------ Dataset extract ------

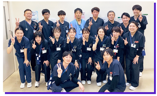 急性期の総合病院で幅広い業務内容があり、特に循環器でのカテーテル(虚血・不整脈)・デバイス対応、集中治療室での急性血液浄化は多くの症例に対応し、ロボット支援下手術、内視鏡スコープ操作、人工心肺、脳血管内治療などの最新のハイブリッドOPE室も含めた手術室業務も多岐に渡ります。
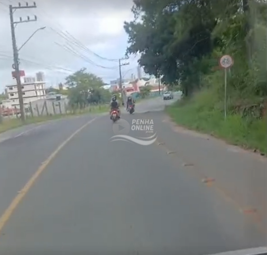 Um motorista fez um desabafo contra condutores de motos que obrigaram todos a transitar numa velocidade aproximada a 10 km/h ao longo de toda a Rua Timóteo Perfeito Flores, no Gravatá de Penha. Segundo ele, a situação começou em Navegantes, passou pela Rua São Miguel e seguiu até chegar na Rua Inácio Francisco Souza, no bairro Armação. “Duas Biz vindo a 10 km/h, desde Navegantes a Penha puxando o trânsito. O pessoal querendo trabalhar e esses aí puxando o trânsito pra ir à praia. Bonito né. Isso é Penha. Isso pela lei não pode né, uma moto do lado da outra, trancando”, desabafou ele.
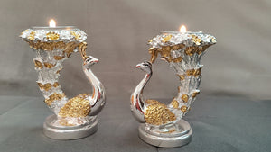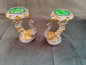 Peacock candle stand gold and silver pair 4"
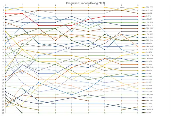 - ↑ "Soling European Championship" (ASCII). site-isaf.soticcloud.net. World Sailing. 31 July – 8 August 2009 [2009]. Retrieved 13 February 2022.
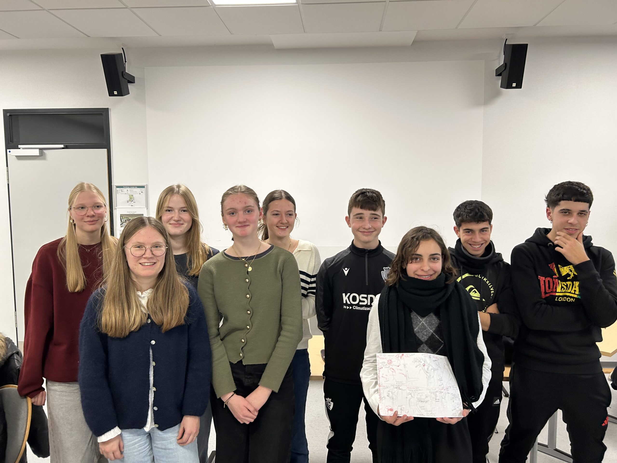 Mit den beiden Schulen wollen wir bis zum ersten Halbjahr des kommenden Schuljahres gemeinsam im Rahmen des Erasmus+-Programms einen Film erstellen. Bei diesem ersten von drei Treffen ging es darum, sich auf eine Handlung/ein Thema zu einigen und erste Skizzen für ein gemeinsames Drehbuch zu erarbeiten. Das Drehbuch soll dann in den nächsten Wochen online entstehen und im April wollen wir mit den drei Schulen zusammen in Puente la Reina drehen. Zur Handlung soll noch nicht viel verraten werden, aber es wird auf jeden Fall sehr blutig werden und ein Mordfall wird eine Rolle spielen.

------
------ Dataset extract ------

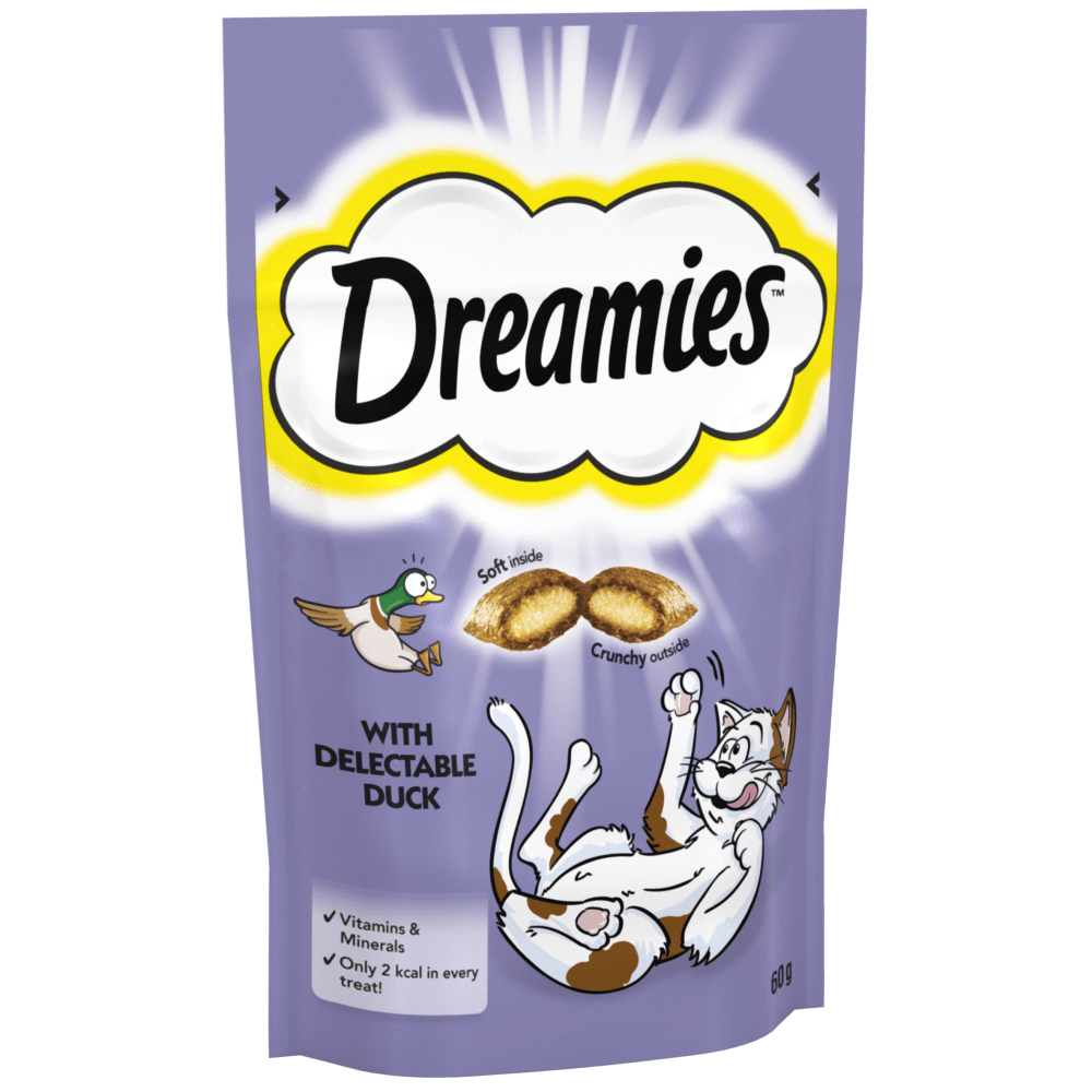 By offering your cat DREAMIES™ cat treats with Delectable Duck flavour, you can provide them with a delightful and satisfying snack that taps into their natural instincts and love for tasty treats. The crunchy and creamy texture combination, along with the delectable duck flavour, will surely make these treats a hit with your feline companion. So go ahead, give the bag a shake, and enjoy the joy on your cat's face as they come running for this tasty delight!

------
------ Dataset extract ------

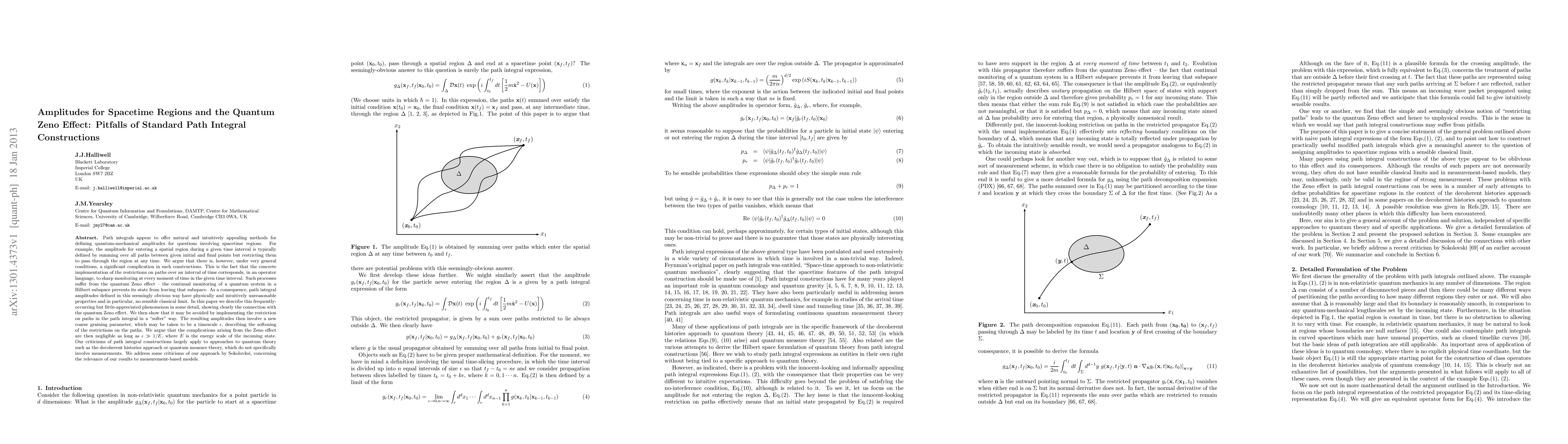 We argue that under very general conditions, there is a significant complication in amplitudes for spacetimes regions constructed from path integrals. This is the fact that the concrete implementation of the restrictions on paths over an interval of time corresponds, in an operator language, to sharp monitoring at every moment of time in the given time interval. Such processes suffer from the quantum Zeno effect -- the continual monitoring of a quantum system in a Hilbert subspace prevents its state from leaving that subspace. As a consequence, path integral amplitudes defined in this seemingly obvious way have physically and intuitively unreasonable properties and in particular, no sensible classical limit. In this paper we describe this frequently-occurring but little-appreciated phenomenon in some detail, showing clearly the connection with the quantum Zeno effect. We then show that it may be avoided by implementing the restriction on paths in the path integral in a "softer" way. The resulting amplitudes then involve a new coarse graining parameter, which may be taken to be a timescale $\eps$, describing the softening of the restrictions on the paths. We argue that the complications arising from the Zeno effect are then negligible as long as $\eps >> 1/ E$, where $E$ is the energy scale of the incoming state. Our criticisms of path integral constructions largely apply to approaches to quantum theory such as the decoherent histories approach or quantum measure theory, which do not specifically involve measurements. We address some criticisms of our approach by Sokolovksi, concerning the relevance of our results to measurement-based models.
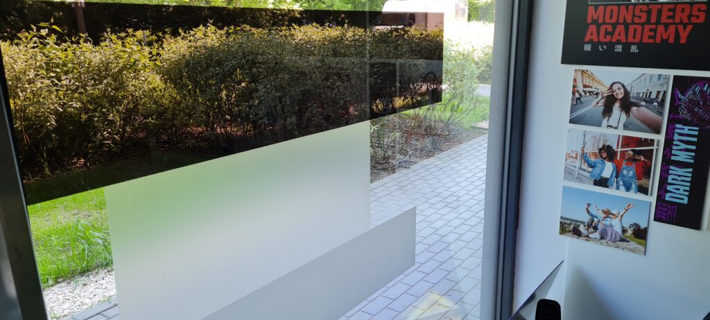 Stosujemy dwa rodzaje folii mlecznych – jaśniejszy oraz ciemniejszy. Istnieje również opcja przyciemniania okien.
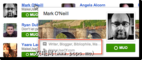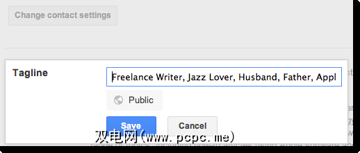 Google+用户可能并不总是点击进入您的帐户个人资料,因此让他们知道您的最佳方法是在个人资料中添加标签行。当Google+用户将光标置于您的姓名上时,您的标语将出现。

------

Work to be completed » Between and including the line with "Um motorista fez" and the line with "13 February 2022.", repeat every line exactly as it appears above, with pictures left out.

Output for this task »
 Um motorista fez um desabafo contra condutores de motos que obrigaram todos a transitar numa velocidade aproximada a 10 km/h ao longo de toda a Rua Timóteo Perfeito Flores, no Gravatá de Penha. Segundo ele, a situação começou em Navegantes, passou pela Rua São Miguel e seguiu até chegar na Rua Inácio Francisco Souza, no bairro Armação. “Duas Biz vindo a 10 km/h, desde Navegantes a Penha puxando o trânsito. O pessoal querendo trabalhar e esses aí puxando o trânsito pra ir à praia. Bonito né. Isso é Penha. Isso pela lei não pode né, uma moto do lado da outra, trancando”, desabafou ele.
 Peacock candle stand gold and silver pair 4"
 - ↑ "Soling European Championship" (ASCII). site-isaf.soticcloud.net. World Sailing. 31 July – 8 August 2009 [2009]. Retrieved 13 February 2022.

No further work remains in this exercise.